第374回:VOLVOイエテボリ取材で分かった驚愕の真実
「新車の匂いは身体に悪い!?」
2008.10.24
小沢コージの勢いまかせ!
第374回:VOLVOイエテボリ取材で分かった驚愕の真実「新車の匂いは身体に悪い!?」
クルマに乗るだけで病気に!?
ひさびさ目からウロコ、っていうか、刻々と価値が変貌する現代社会の厳しさを感じてしまいましたねぇ。それは今や「新車の匂いは身体に悪い」!? という真実だ。
今回、新型ボルボ「XC60」取材にかこつけ、ボルボ本社があるスウェーデンの港町、イエテボリに行ってきたんだけど、そこにある「ボルボカーズブランドエクスペリエンスセンター」はまさに情報の宝庫で、俺にいろんなことを教えてくれたのだ。あ、クルマについてはまた今度ね。
ご存じボルボは安全性能はもちろん、環境性能も高く、クリーンな排ガスやトータル的な代替燃料問題、つまり燃料を燃やした瞬間だけでなく「ゆりかごから墓場まで」のコンセプトで、燃料を採掘し、最終的に消え去るところまでのエコロジーまで考えてるんだけど、ある意味その延長として「ノーアレルギーカー」の研究も進めている。
聞いたところによると、西ヨーロッパの人々は花粉症のような病状まで含めると“45%はぜんそくかアレルギー”だそうで、女性の10人に1人がニッケルアレルギー。これまたひとつの現代病であり、さらに俺は知らなかったが、クルマに乗るだけでアレルギー症状がでる人もいるんだとか。

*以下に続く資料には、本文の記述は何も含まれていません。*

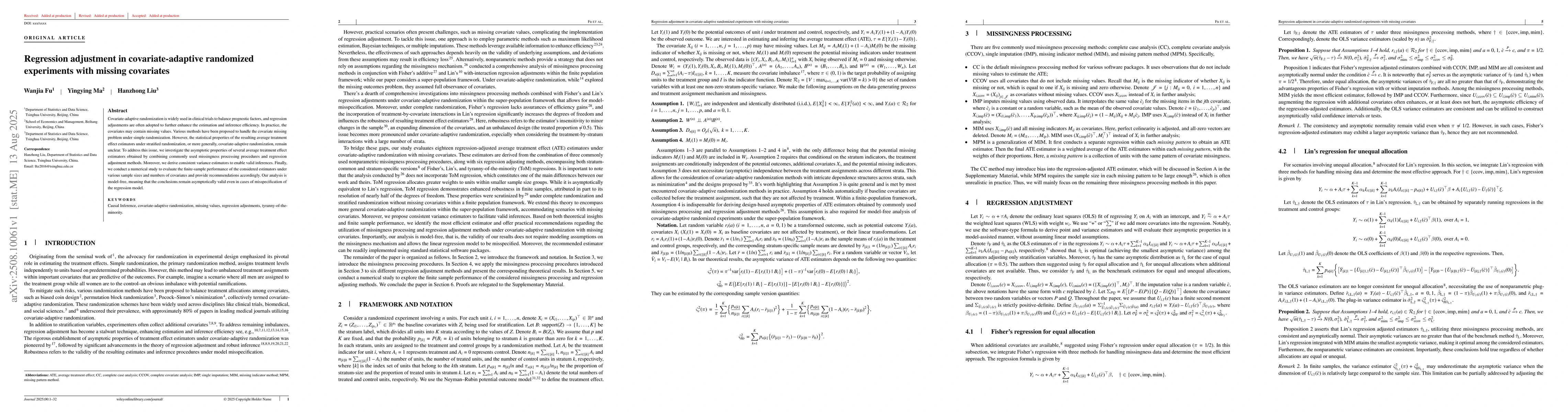 Covariate-adaptive randomization is widely used in clinical trials to balance prognostic factors, and regression adjustments are often adopted to further enhance the estimation and inference efficiency. In practice, the covariates may contain missing values. Various methods have been proposed to handle the covariate missing problem under simple randomization. However, the statistical properties of the resulting average treatment effect estimators under stratified randomization, or more generally, covariate-adaptive randomization, remain unclear. To address this issue, we investigate the asymptotic properties of several average treatment effect estimators obtained by combining commonly used missingness processing procedures and regression adjustment methods. Moreover, we derive consistent variance estimators to enable valid inferences. Finally, we conduct a numerical study to evaluate the finite-sample performance of the considered estimators under various sample sizes and numbers of covariates and provide recommendations accordingly. Our analysis is model-free, meaning that the conclusions remain asymptotically valid even in cases of misspecification of the regression model.
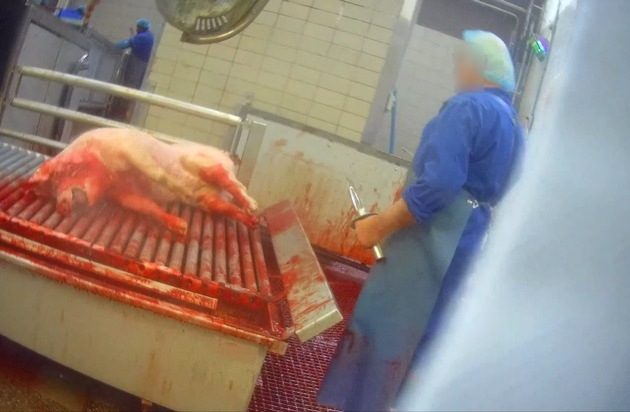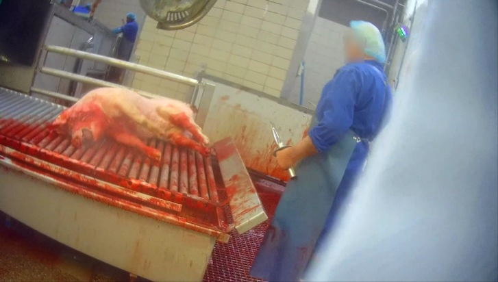 Bei den Rindern scheitert die Betäubung regelmäßig. Sie erwachen blutend am Schlachtband. Immer wieder versagt das Personal, Falltore werden krachend auf Rinderrücken geschlagen, und Tiere brechen schon vor dem Schuss erschöpft vom Stress und von Elektroschocks zusammen. "Es ist erschütternd zu sehen, wie besonders die absolut zerstörten Milchkühe nach jahrelanger Ausbeutung noch auf den letzten Metern gequält werden. Die Tiere aus Haut und Knochen sind das bevorzugte Burgerfleisch von McDonald's." so Friedrich Mülln von SOKO Tierschutz. Die Schweinebetäubung sorgt für ein grausames Erwachen am Schlachtband. Minutenlange Schnappatmung, blinzelnde Augen und Tiere, die gegen den Einzug in das Brühbad kämpfen. Der traurige Höhepunkt: Mindestens ein Tier wird bei Bewusstsein ins heiße Wasser gezogen und kämpft um sein Leben. Arbeiter sehen bei den Zuständen mitleidslos zu. Diese Zustände sind Alltag, zigfach dokumentiert in wenigen Stunden. Und das, obwohl der Schlachthof sogar die Bio Zulassung hat und über ein bis zu sechsköpfiges Veterinärteam verfügt. Zwei Veterinärstudenten sehen zu, als Rinder aus der Betäubung erwachen, ermerkt wird das in dem Protokoll aber nicht. Stattdessen prahlt einer damit, die Tiere selber mit dem Elektroschocker misshandelt zu haben.
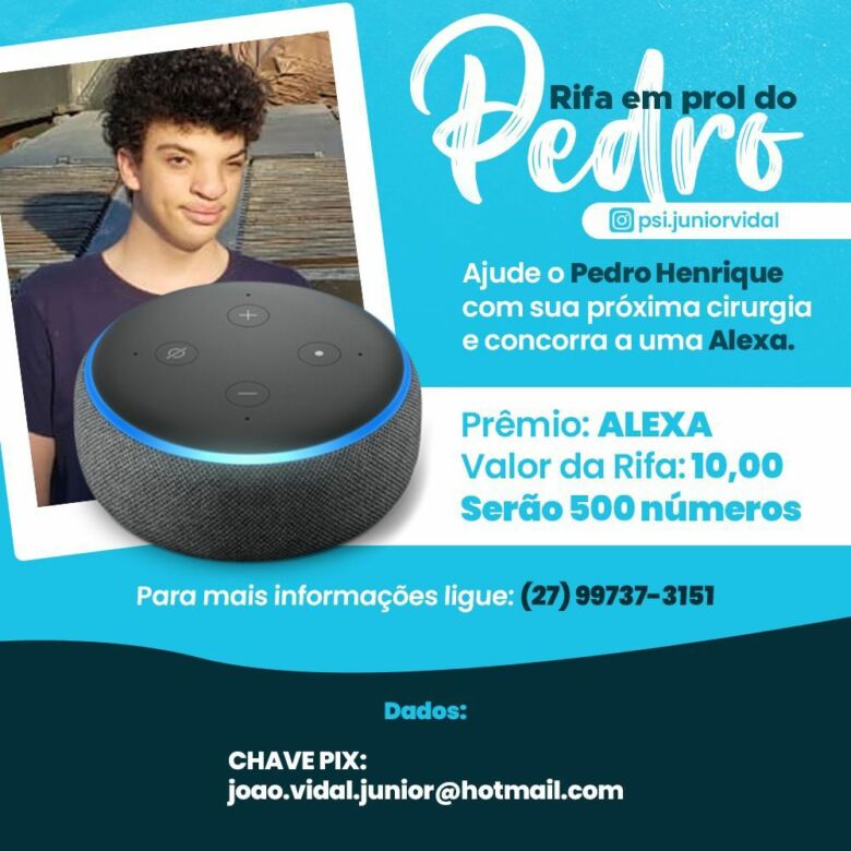 O prêmio da rifa será uma Alexa Echo Dot, uma moderna caixa de som com assistente virtual que pode ser integrada a outros equipamentos compatíveis, também utilizada em automações residenciais. Os bilhetes estão sendo vendidos à R$10,00. A data para realização dos sorteio ainda não foi definida, pois é preciso vender os 500 bilhetes que vão ajudar a custear a cirurgia, mas será divulgada por meio do Instagram do pai, @psi.juniorvidal.
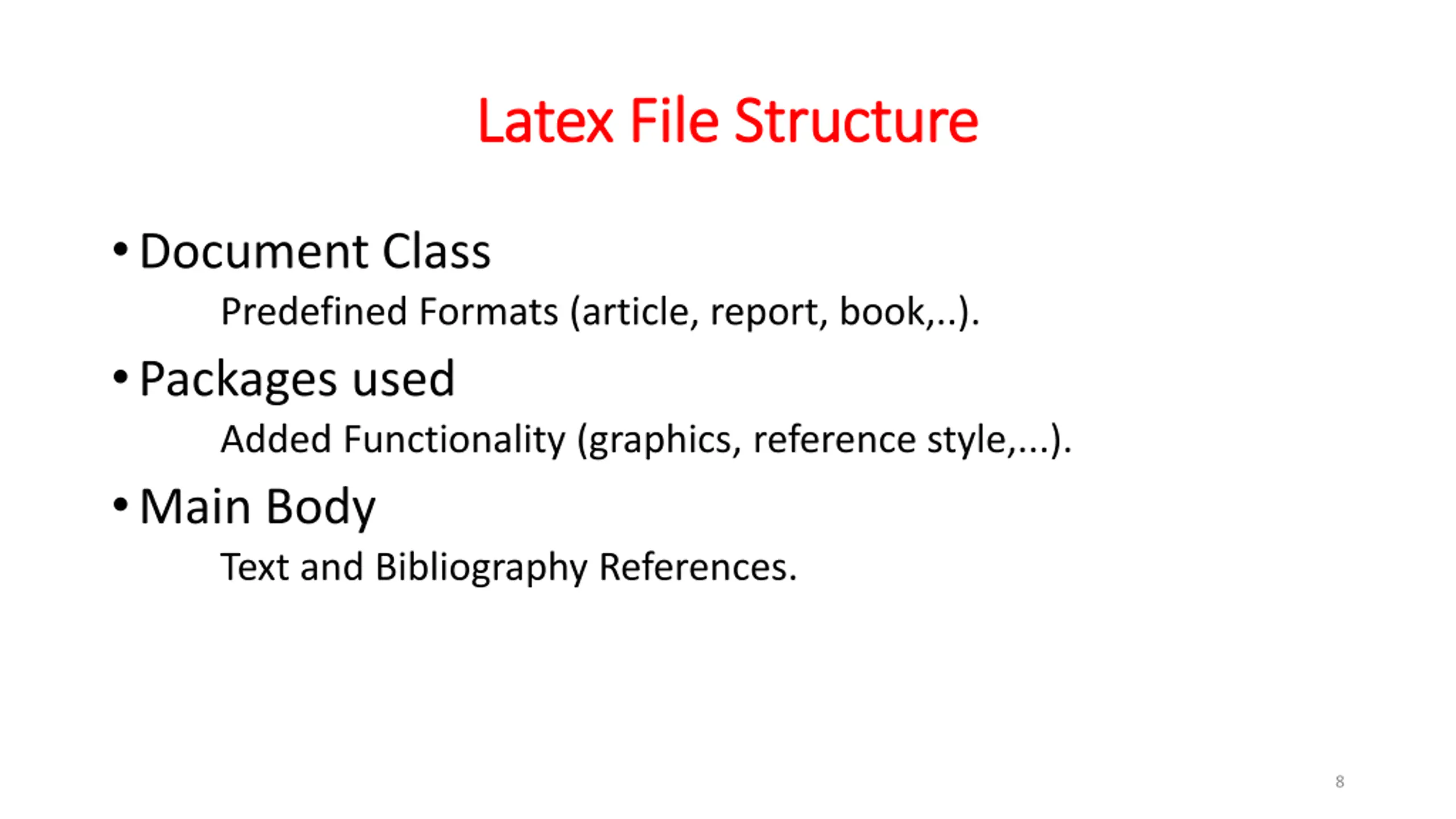 Latex File Structure Latex File Structure Document Class Predefined Formats (article, report, book,..). Packages used Added Functionality (graphics, reference style,...). Main Body Text and Bibliography References. 8
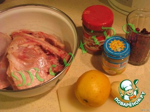 хорошенько смешиваем курочку, цедру, брусничное и грушевое пюре, имбирь, зелень, мускатный орех, соль и перчик и отправляем в холодильник мариноваться часов на 6 -
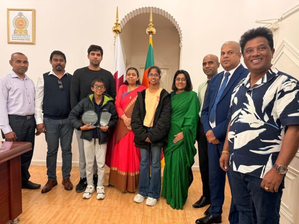 The Embassy extended its best wishes to Taavi Samaraweera and Muthuli Welathanthrige for more success in future competitions and appreciated their efforts in bringing pride to Sri Lanka during their tournament participation in Qatar.
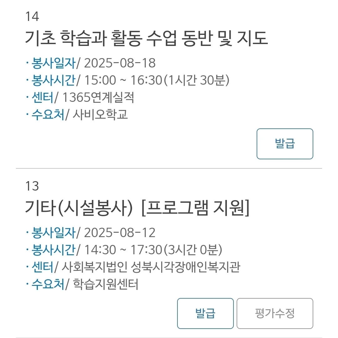 2017년에 봉사할 때에는, '아 귀찮아요'하고 봉사 시간 없어도 된다고 안 받았다. 봉사 시간을 입력해 주시려면 매번 서류를 적어내야 하는데, 어차피 평생 봉사 시간이 필요 없을 걸 알았기 때문이었다. 그런데 뒤늦게, 이런 기록이 있으면 내가 뿌듯하단 걸 깨닫곤 2019년부턴 남겼다. 생각난 김에 찾아보니, 지난 3개월 동안 25시간이 기록되어 있다.
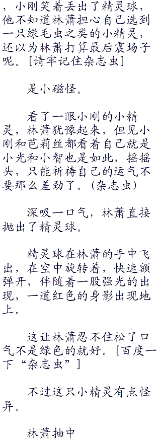 林萧忽然感到有点紧张,看着手中的精灵球,一时间不知道是不是该丢出精灵球,如果丢出精灵球从里面出来一只绿毛虫怎么办?!林萧可不想尝试那种被人虐的欲仙欲死的感觉。
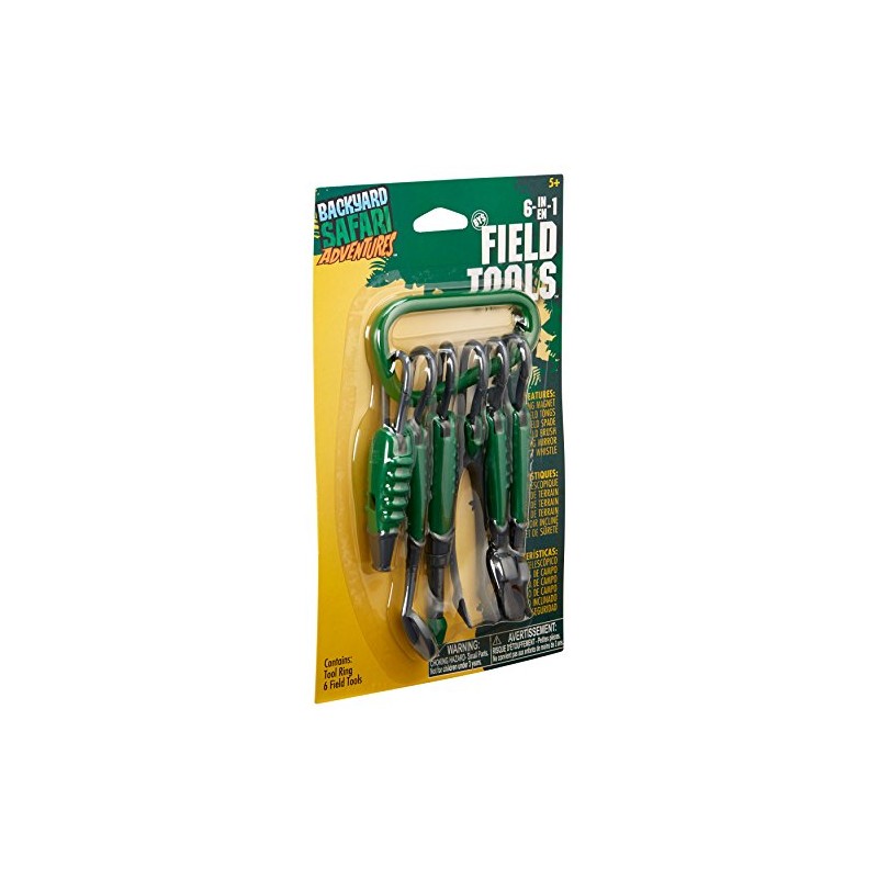 Backyard Safari 6 in 1 Field Tools lets little ones shovel, brush, grab or probe. Whether gathering samples or excavating that dig site, up close or in hard to reach spaces, these sturdy tools will handle hundreds of field tasks. Clipped to your Cargo Vest, they stay within reach to snap off - and back on - with single-handed ease. And when you discover that interesting find, signal the rest of your field crew with the high audible field safety whistle. Recommended for children 5 years of age and older.
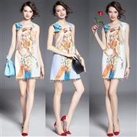 2015欧美新款女装 大牌时尚娃娃印花无袖冲孔波浪边大摆连衣裙
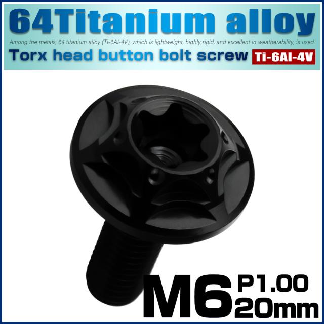 チタンボルト M6×20mm P1.0 ボタンボルト フランジ付き トルクス穴 ブラック JA1042
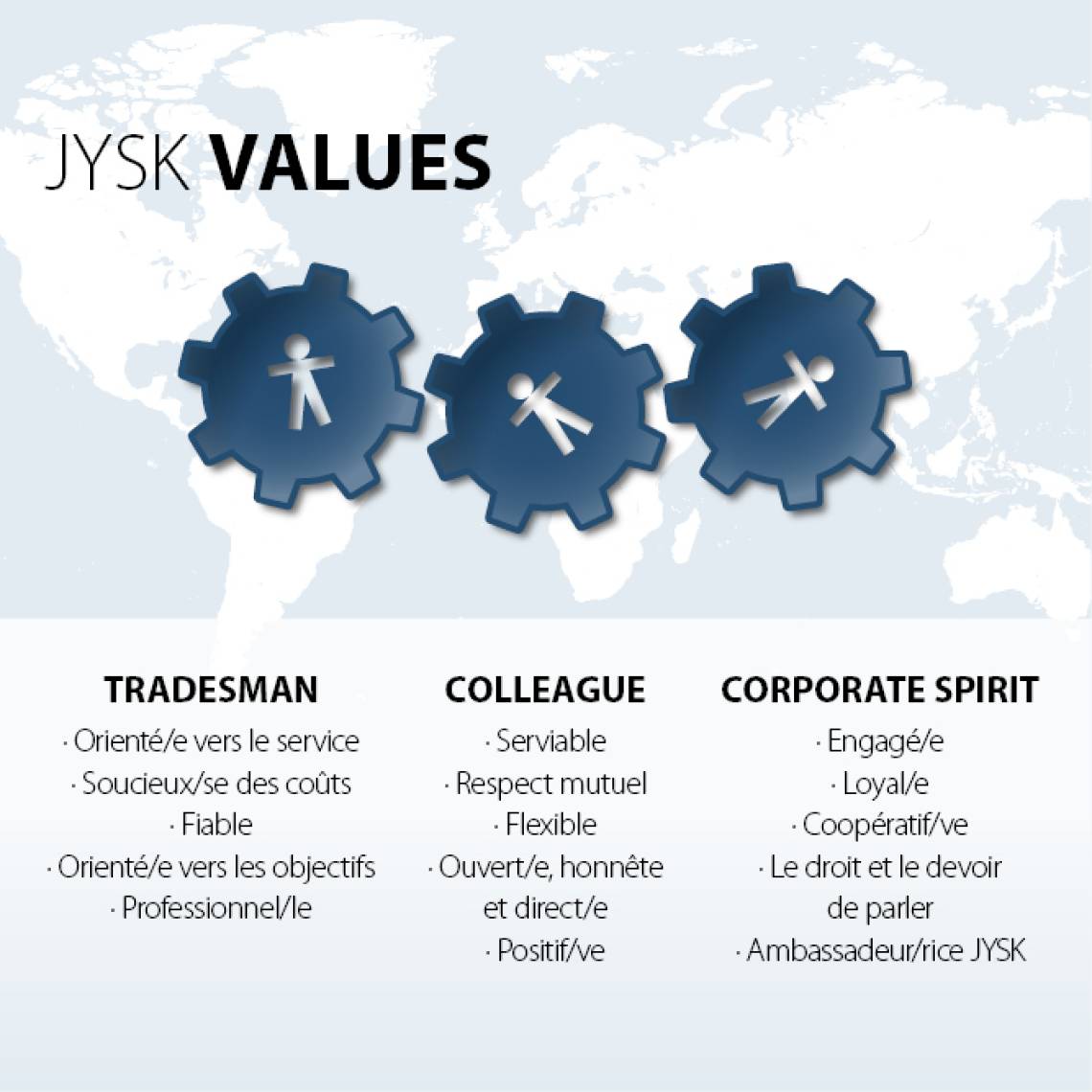 Les trois valeurs fondamentales de JYSK - Tradesman (commerçant), Colleague (collègue) et Corporate Spirit (esprit d'entreprise) - sont issues de notre fondateur, Lars Larsen. Elles expriment le comportement et l'attitude que nous pouvons attendre les uns des autres.

それはクルマが持つ潤滑油や有機溶剤から出てくる独特の匂いによるもので、つまり“新車の匂い”が元でアレルギーや調子が悪くなる人もいるってこと!! そんなの知らなかっただぎゃ〜。
ボルボの“人類愛戦略”
昔から俺たちクルマ好きの間では、日産車なら日産車、ポルシェならポルシェに乗ると感じる独特の匂いがあって、それを“新車の匂い”と称し、いい匂いとして捉えていたわけだが、逆に“迷惑なもの”“健康を害する物”として扱われるケースもでてきたわけであーる。つくづく難しい時代だ。
そこでボルボは2006年発売の「S80」から対策を施してあるそうで、具体的には油脂系や有機溶剤に人畜無害なものを使うだけでなく、自動換気システムを備えている。こういう溶媒系は、シートのファブリック等に染みこんでいて徐々に揮発し、特に真夏の暑いさなか、車内を閉め切ってたりするとナントカppmという危険レベルになるそうで、それを自動的に検知し、換気してくれるのであーる。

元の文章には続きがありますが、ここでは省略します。